Both Hot Dog and Homesite support style sheets, the tools in HTML 4.0 that allow application of consistent style across Web sites. I like the way Homesite completes tags that I've started (great for librarians doing six things at once out on a public desk with a jangling phone) and includes a built-in validation tool for checking the accuracy of the code.
Fans of Microsoft's Front Page and similar tools such as Pagemill—and they are legion—include Julie James, Internet services librarian at Kansas City Public Library. Julie likes the way she can check and fix links without even opening a document, and several people cited Front Page's sophisticated abilities to manage entire sites. When I ran a couple of library Web sites created in Front Page and Pagemill through Bobby's accessibility validator, however, Bobby returned them with many errors, while pages created with tagging editors received much better ratings. WYSIWYG editors easily produce attractive sites and have powerful management tools—but before you publish your work, you might want to run the pages through validators to ensure that everyone you're trying to serve will be able to view your message.
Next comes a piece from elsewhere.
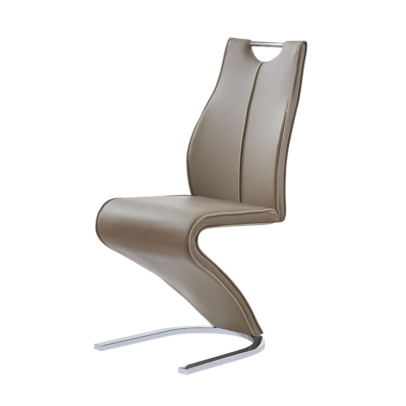 Modern design aesthetic, this dining chair will bring life to your home. Finished in a brown PU with Cappuccino trim and stainless steel base. Let this chair speak for itself!
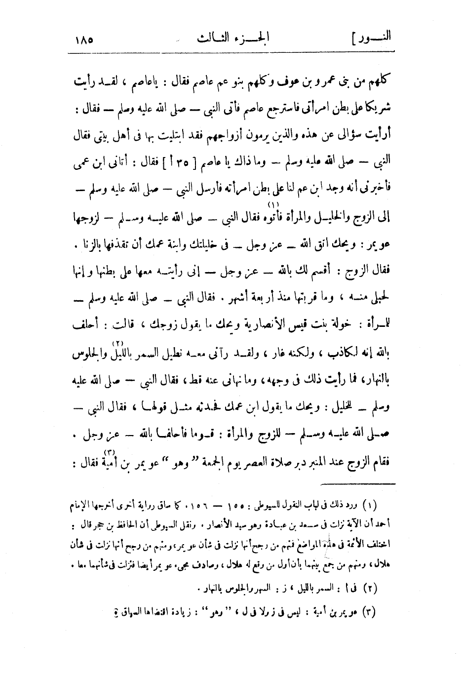 (1) ورد ذلك فى لباب النقول للسيوطي: 155- 156. كما ساق رواية أخرى أخرجها الإمام أحمد أن الآية نزلت فى سعد بن عبادة وهو سيد الأنصار. ونقل السيوطي أن الحافظ بن حجر قال:

In addition to his favorite tagging editor, Arachnophilia, Minkel loves his digital camera and Photoshop, a nice if pricey graphics software that came with his scanner. The three tools together allow him to quickly create lively resources. Check out the kids' pages at Multnomah's Web site!
Sometimes the most modest tools have ardent fans. Roy Lewis of the Northeast Texas Library System and Michael Reagan, Internet database librarian at California State University/Northridge, like WS_FTP, a Windows-based FTP tool. I too use this reliable workhorse for uploading files to Web sites. It's lightweight, inexpensive, available in versions for Windows 3.1 and 95, and has all kinds of neato features such as name-changing on the fly and the ability to instantly create and modify directories on your remote site. To browse for this and other tools, visit the Tucows Web site.
Then there are two programs that are a little hard to describe. Recently, I had about two hours to pull together a bibliography on library buildings for my board. "Sure, no problem," I panted, and turned to Endnote, which is a portmanteau software program combining a Z39.50 client with the ability to create and manipulate bibliographies in a variety of formats, including MARC and HTML (it has good search capabilities, too). Think Swiss army knife for writers and reference librarians. Though I had never used Endnote, in a few minutes I was connecting to remote catalogs through its front end, vacuuming up citations left and right, giving them a tidy once-over, and then producing a neatly formatted bibliography.
Michael J. Perkins of San Diego State University's Love Library cast his vote for a similar tool—BookWhere2000, a Z39.50 client and bibliography program. It's hard to explain just how nifty these tools are. At around $300 a copy, they should be nifty, but I've paid a lot more for a lot less. Except, of course, for catalog cards—they're worth their weight in gold!